Больше он не видался с Машенькой.
10
Шум подкатил, хлынул, бледное облако заволокло окно, стакан задребезжал на рукомойнике. Поезд прошел, и теперь в окне снова раскинулась веерная пустыня рельс. Нежен и туманен Берлин, в апреле, под вечер.
В этот четверг, в сумерки, когда всего глуше гул поездов, к Ганину зашла, ужасно волнуясь, Клара – передать ему Людмилины слова: «Скажи ему так, – бормотала Людмила, когда от нее уходила подруга. – Так скажи: что я не из тех женщин, которых бросают. Я сама умею бросать. Скажи ему, что я от него ничего не требую, не хочу, но считаю свинством, что он не ответил на мое письмо. Я хотела проститься с ним по-дружески, предложить ему, что пускай любви не будет, но пускай останутся самые простые дружеские отношения, а он не потрудился даже позвонить. Передай ему, Клара, что я ему желаю всякого счастья с его немочкой и знаю, что он не так скоро забудет меня».

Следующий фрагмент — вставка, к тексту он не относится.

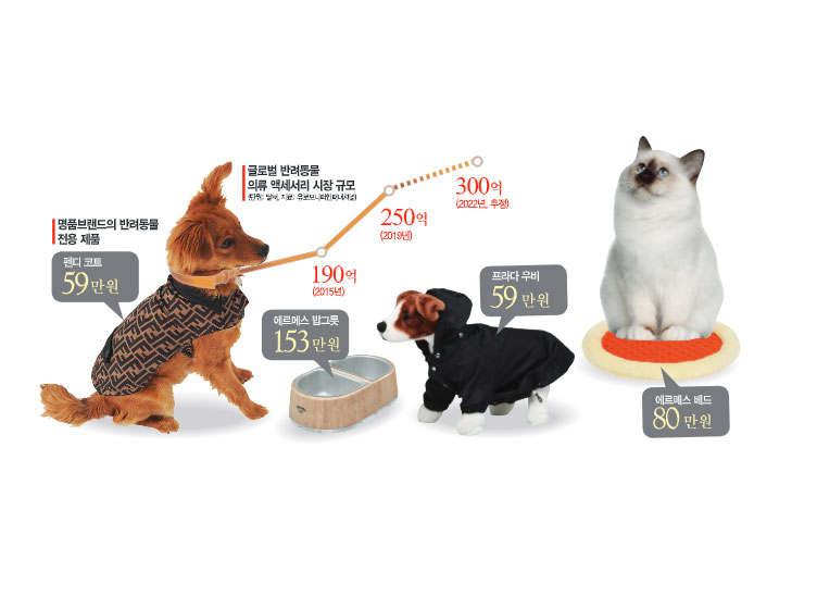 20일 명품 업계에 따르면 프라다는 이달 반려동물용 우비를 출시했다. 가격은 디자인에 따라 59만~68만원이다. 나일론 소재에 프라다 삼각 로고가 등에 부착돼 있는 디자인이 특징이다. 지난달에는 펜디가 반려견 액세서리 라인을 내놨다. 반려견 이동가방(310만원), 목줄(48만원), 코트(59만원), 목걸이(35만원) 등으로 구성됐다. 에르메스에서는 밥그릇(80만원), 바스켓(225만원), 베드(80만원) 등 다양한 용품들을 판매하고 있다. 고가 패딩으로 유명한 몽클레르도 3년 전부터 반려견용 패딩을 50만~70만원에 내놓고 있다. 반려견의 옷과 액세서리 등을 명품 브랜드 제품으로 꾸며주려면 1000만원 가까이 든다. 수량 자체가 많지 않지만 상당수 제품은 이미 품절됐다. 명품백을 구매하기 위해 백화점에 긴 줄을 늘어서듯이 명품 반려동물용품 구매를 위해 예약하고 기다리는 이도 늘고 있다.
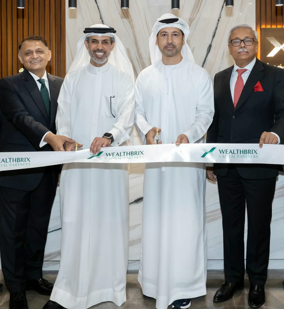 Wealthbrix Capital Partners董事长Hamad Buamim(左二)、副董事长Suvo Sarkar(右一)、首席执行官Rajesh Khanna(左一)、DIFC首席执行官Arif Amiri(右二)在公司成立仪式上剪彩。
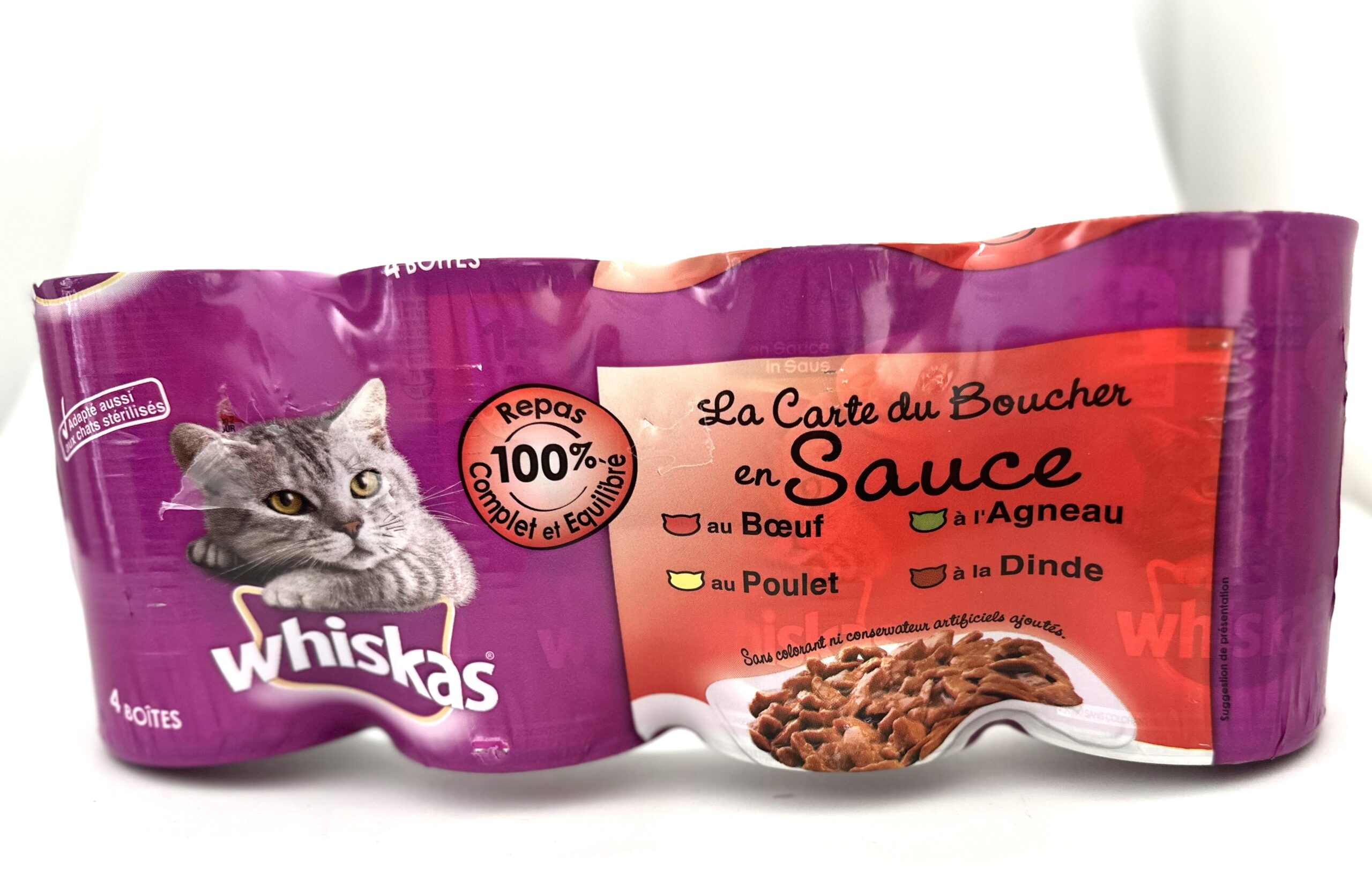 WHISKAS TIN (BEEF-CHICKEN-DUCK-LAMB)IN SAUCE 4X400GR - Pets For All

– Откуда взялась немочка? – поморщился Ганин, когда Клара, не глядя на него, быстрым, тихим голосом передала ему все это. – И вообще, почему она вмешивает вас в это дело. Очень все это скучно.
– Знаете что, Лев Глебович, – вдруг воскликнула Клара, окатив его своим влажным взглядом, – вы просто очень недобрый… Людмила о вас думает только хорошее, идеализирует вас, но если бы она все про вас знала…
Ганин с добродушным удивленьем глядел на нее. Она смутилась, испугалась, опустила опять глаза.
– Я только передаю вам, потому что она сама просила, – тихо сказала Клара.
– Мне нужно уезжать, – после молчанья спокойно заговорил Ганин. – Эта комната, эти поезда, стряпня Эрики – надоели мне. К тому же деньги мои кончаются, скоро придется опять работать. Я думаю в субботу покинуть Берлин навсегда, махнуть на юг земли, в какой-нибудь порт…
Он задумался, сжимая и разжимая руку.
– Впрочем, я ничего не знаю… Есть одно обстоятельство… Вы бы очень удивились, если бы узнали, что я задумал… У меня удивительный, неслыханный план. Если он выйдет, то уже послезавтра меня в этом городе не будет.
«Какой он, право, странный», – думала Клара, с тем щемящим чувством одиночества, которое всегда овладевает нами, когда человек, нам дорогой, предается мечте, в которой нам нет места.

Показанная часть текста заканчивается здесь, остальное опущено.